Advertising assessment learner response

 1) Type up your feedback in full (you don't need to write the mark and grade if you want to keep this confidential).

WWW: Muhammed, some moments of displaying knowledge/ understanding of Advertising/ marketing e.g knowledge of score CSP.

EBI: Analysis in general is too basic, limited not detailed or enough theory being validated. 

Mark: 12/29

Grade: D 

2) Read the whole mark scheme for this assessment carefully. Identify at least one potential point that you missed out on for each question in the assessment.

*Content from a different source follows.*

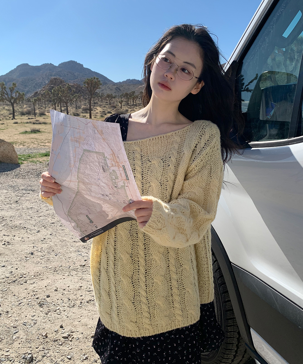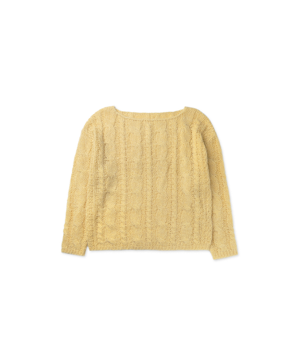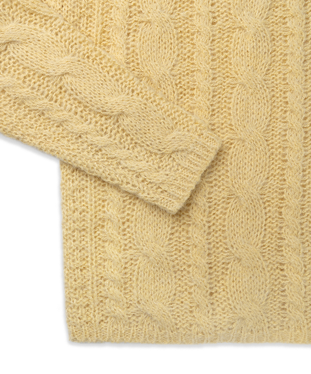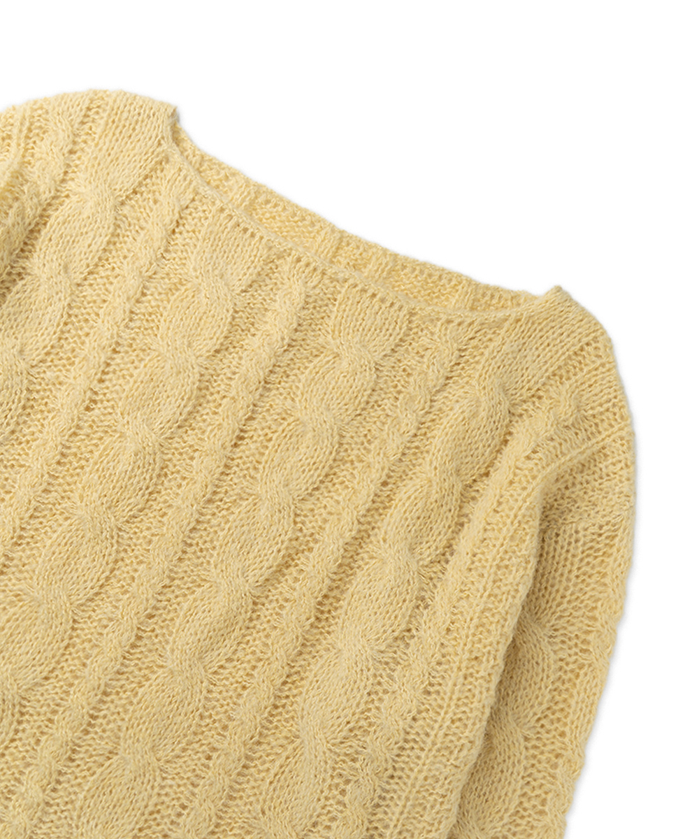 温もりのあるケーブル編みと、ふんわりとしたヘアリーな素材感、クラシックなシルエットが調和したデザイン。

Q1: Monochrome (black and white) – stylish, sophisticated, reinforces traditional heterosexual meanings; consistent with aspirational branding. Low-key lighting, ‘chiaroscuro’, backlighting visible in shot – suggests stage lights/spotlights, fashion show?

Q2: Advert does not support Gauntlett’s suggestion there has been a “decline of tradition” – this is a very traditional representation of masculinity.

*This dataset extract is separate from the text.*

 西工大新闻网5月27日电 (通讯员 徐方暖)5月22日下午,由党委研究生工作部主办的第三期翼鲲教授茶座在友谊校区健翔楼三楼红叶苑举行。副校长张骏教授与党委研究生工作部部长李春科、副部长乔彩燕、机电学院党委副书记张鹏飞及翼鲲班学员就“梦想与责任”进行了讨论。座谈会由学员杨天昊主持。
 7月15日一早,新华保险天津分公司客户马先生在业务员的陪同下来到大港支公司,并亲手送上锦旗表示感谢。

Anchorage text in the Score advert reflects male insecurities in a changing world – repeated references to ‘men’ and ‘masculine’ in design, production and use of the product suggests an acknowledgment that hair cream was seen as a more female product in the 1960s.

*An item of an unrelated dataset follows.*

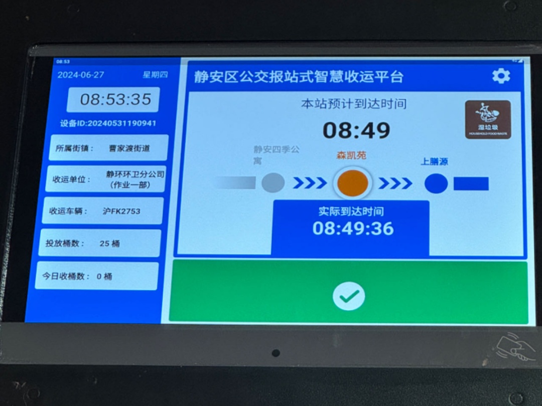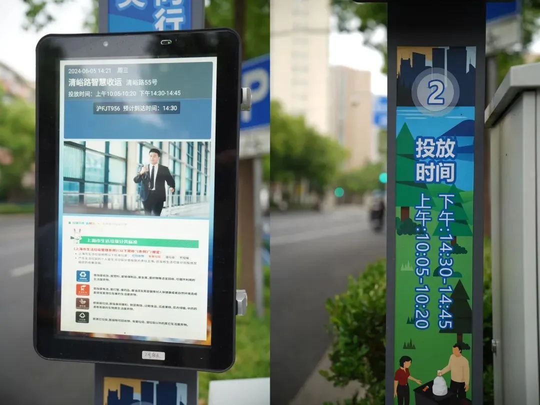 静安区结合区域特点,推出干垃圾、湿垃圾、餐厨垃圾三条“生活垃圾清运公交站牌式精准报时示范线路”。保洁员通过查看安装在垃圾箱房醒目位置的“垃圾清运精准报时”显示屏或者手机短信息推送,可以实时查看垃圾车预计到达时间,实现清运信息预报的精准度和透明度。

Q3: ‘Othering’ or racial otherness: Paul Gilroy suggests non-white representations are constructed as a ‘racial other’ in contrast to white Western ideals.

 Racial essentialism: This refers to the linking of a person’s cultural and racial heritage to a place of national origin. It is also used to suggest that people from a certain heritage are ‘all the same’ and therefore to make value judgements about people from certain backgrounds.

3) Look at your answer and the mark scheme for Question 1 (Diamonds advert unseen text). List three examples of media terminology or theory that you could have included in your answer. 

Female desire
Black tie as a phallic object (Mulvey) – being grabbed by female model.
Man as the hunted, looked-at object; objectification of men (Gill – female gaze).

4) Look at your answer and the mark scheme for Question 2. What aspects of the cultural and historical context for the Score hair cream advert do you need to revise or develop in future?

I feel like I needed to revise more of the past and what was happening at the time of the producing of the Score hair cream advert such as heterosexual representation which can show male insecurity in light of the decriminalisation of homosexuality in 1967.

5) Now look over your mark, comments and the mark scheme for Question 3 - the 9-mark question on Sephora Black Beauty Is Beauty. List any postcolonial terminology you could have added to your answer here.  

Double consciousness: Paul Gilroy used the term double consciousness to reflect the Black experience in the UK and USA. One aspect is living in a predominantly white culture and having an aspect of identity rooted somewhere else. He describes this as a “liquidity of culture”. He also uses it to highlight the disconnect between black representations in the
media and actual lived experience. Often, these representations are created by white producers.

The advert very deliberately looks to construct an authentic representation of the black experience. This therefore challenges Gilroy’s ideas of othering and double consciousness.